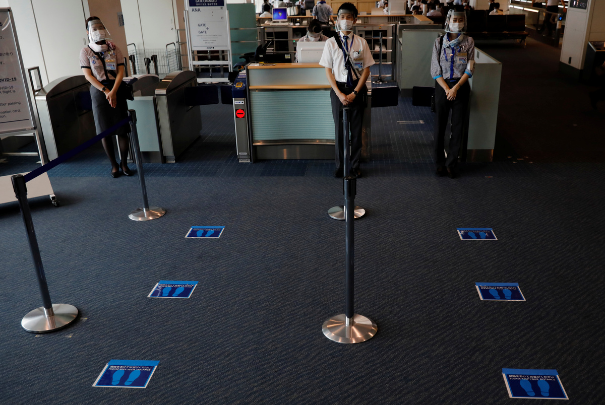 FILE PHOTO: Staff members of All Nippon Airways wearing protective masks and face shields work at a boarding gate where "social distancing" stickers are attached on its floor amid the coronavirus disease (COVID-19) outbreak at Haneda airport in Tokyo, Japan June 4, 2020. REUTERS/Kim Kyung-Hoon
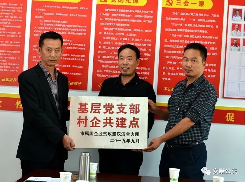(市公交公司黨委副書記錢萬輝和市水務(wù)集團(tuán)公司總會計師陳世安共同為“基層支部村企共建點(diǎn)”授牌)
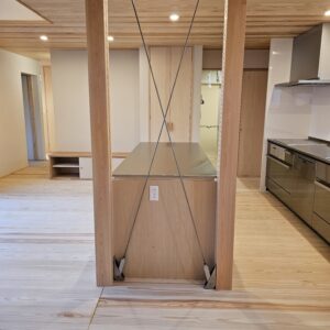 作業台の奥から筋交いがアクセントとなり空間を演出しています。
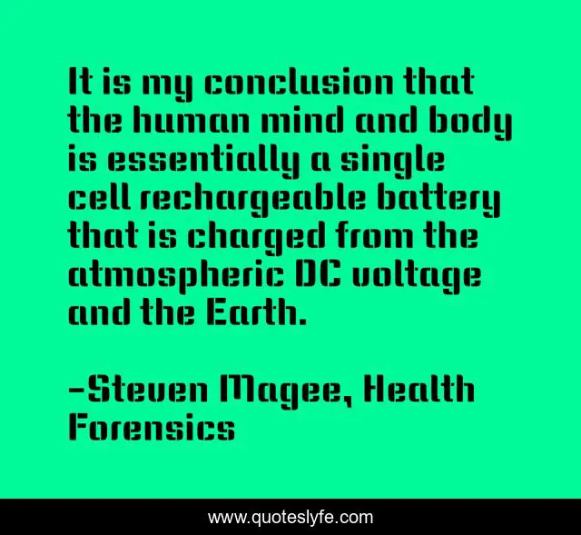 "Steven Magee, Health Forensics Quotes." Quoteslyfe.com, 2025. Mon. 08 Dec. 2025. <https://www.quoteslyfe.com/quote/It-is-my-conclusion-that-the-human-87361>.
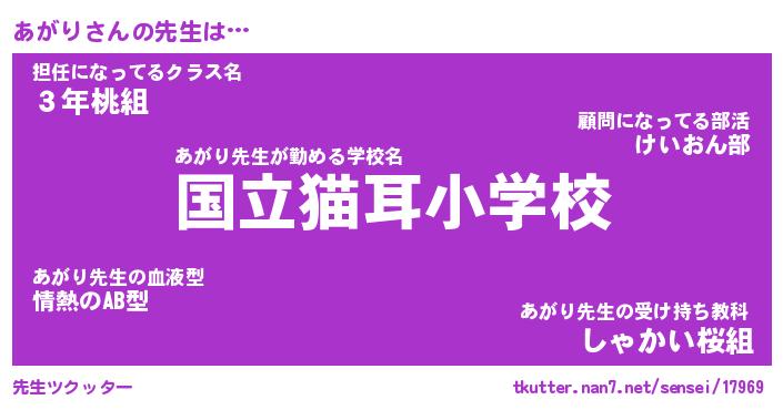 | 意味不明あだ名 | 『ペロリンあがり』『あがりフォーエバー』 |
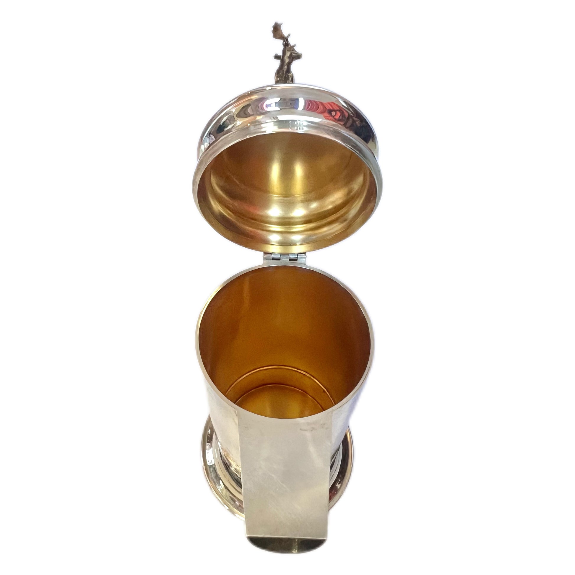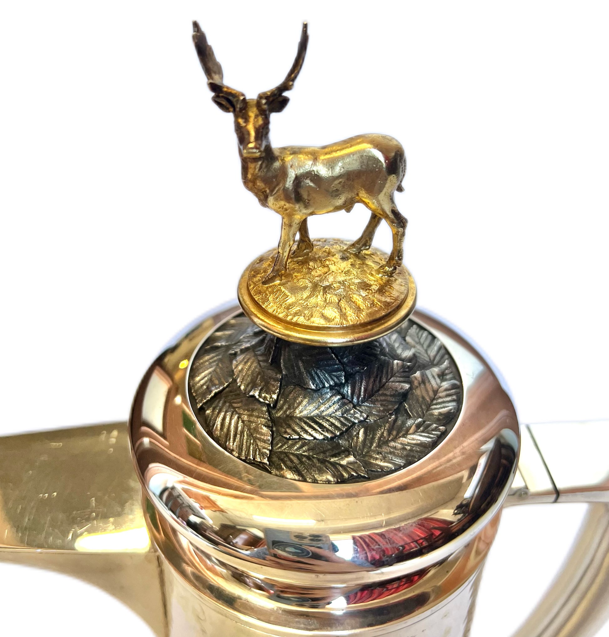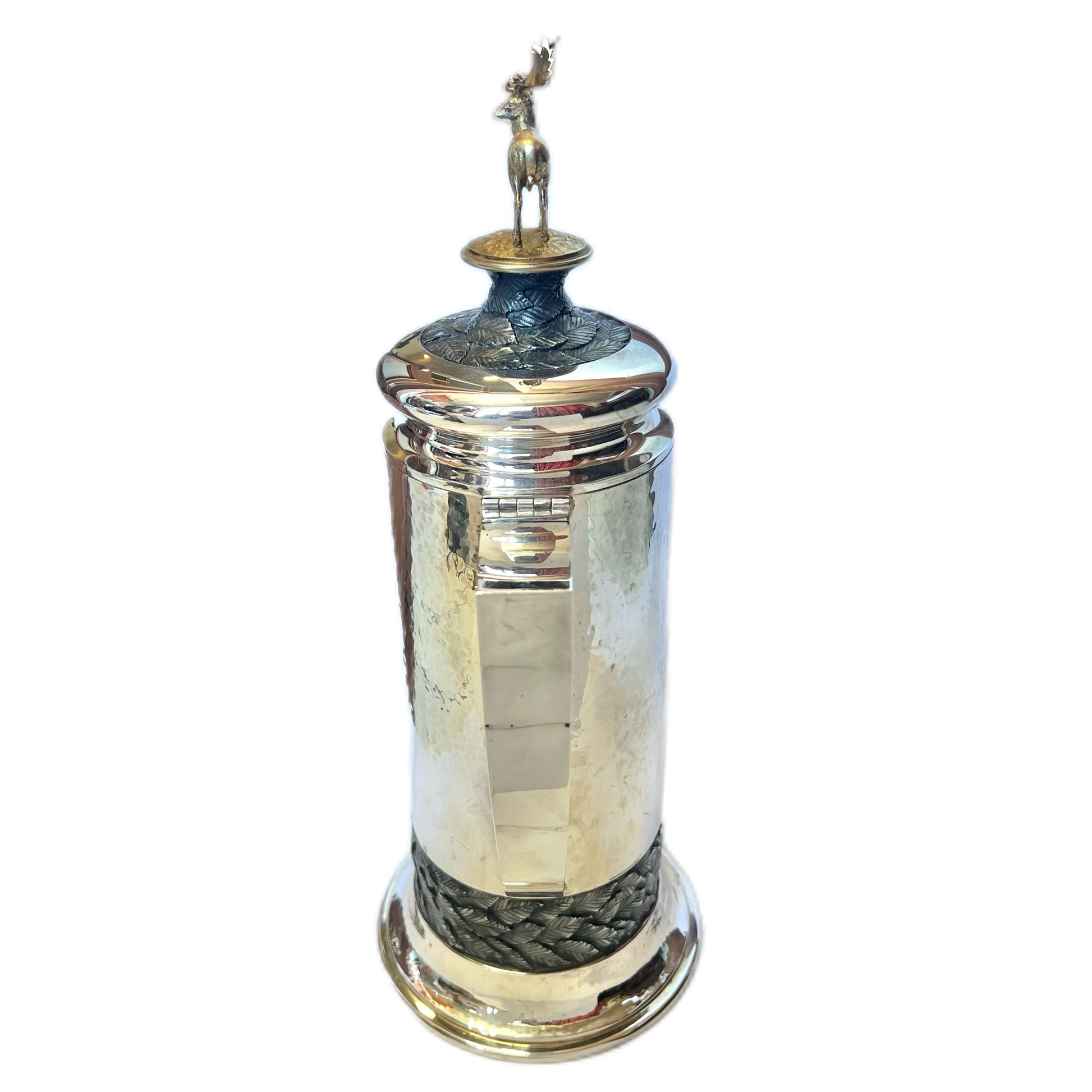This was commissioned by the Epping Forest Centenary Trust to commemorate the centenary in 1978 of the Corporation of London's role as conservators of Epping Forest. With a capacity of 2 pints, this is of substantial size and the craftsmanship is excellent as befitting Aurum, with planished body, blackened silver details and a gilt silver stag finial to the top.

### DESCRIPTION OF THE TASK
Omit the pictures and write out exactly the lines from the one containing "作業台の奥から筋交いがアクセントとなり空間を演出しています。" through the last line of the material.

### RESPONSE TO THIS EXERCISE
 作業台の奥から筋交いがアクセントとなり空間を演出しています。
 "Steven Magee, Health Forensics Quotes." Quoteslyfe.com, 2025. Mon. 08 Dec. 2025. <https://www.quoteslyfe.com/quote/It-is-my-conclusion-that-the-human-87361>.
 | 意味不明あだ名 | 『ペロリンあがり』『あがりフォーエバー』 |
This was commissioned by the Epping Forest Centenary Trust to commemorate the centenary in 1978 of the Corporation of London's role as conservators of Epping Forest. With a capacity of 2 pints, this is of substantial size and the craftsmanship is excellent as befitting Aurum, with planished body, blackened silver details and a gilt silver stag finial to the top.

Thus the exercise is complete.